Reproduce word for word the lines of the listing from the first one through the one with "次いで「クリスマスイブ(24", omitting every picture.
*** Data excerpt Section Begins ***
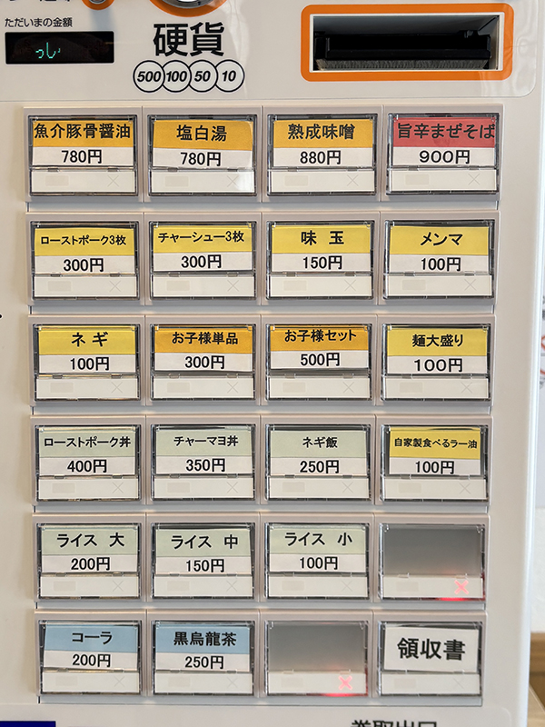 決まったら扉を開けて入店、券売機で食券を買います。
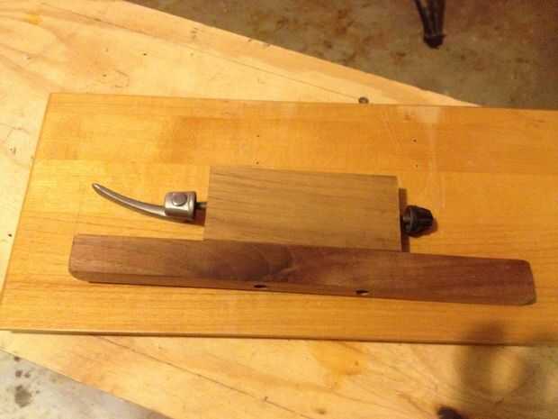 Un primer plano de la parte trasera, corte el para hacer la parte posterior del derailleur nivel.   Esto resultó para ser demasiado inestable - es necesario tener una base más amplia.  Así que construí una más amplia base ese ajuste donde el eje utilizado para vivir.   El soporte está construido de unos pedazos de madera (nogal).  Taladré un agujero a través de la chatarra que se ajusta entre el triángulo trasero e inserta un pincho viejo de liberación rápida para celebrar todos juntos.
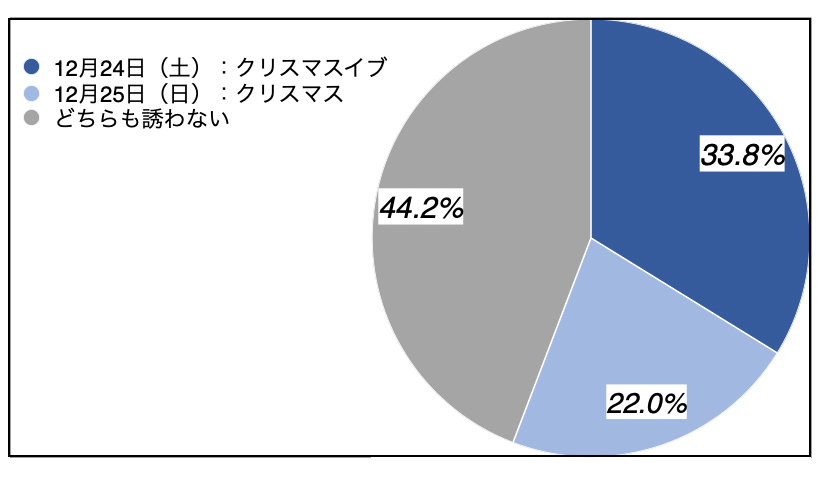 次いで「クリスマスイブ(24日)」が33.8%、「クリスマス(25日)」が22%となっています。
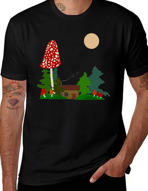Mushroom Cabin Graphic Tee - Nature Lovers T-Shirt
*** Data excerpt Section Ends ***
Written response →
 決まったら扉を開けて入店、券売機で食券を買います。
 Un primer plano de la parte trasera, corte el para hacer la parte posterior del derailleur nivel.   Esto resultó para ser demasiado inestable - es necesario tener una base más amplia.  Así que construí una más amplia base ese ajuste donde el eje utilizado para vivir.   El soporte está construido de unos pedazos de madera (nogal).  Taladré un agujero a través de la chatarra que se ajusta entre el triángulo trasero e inserta un pincho viejo de liberación rápida para celebrar todos juntos.
 次いで「クリスマスイブ(24日)」が33.8%、「クリスマス(25日)」が22%となっています。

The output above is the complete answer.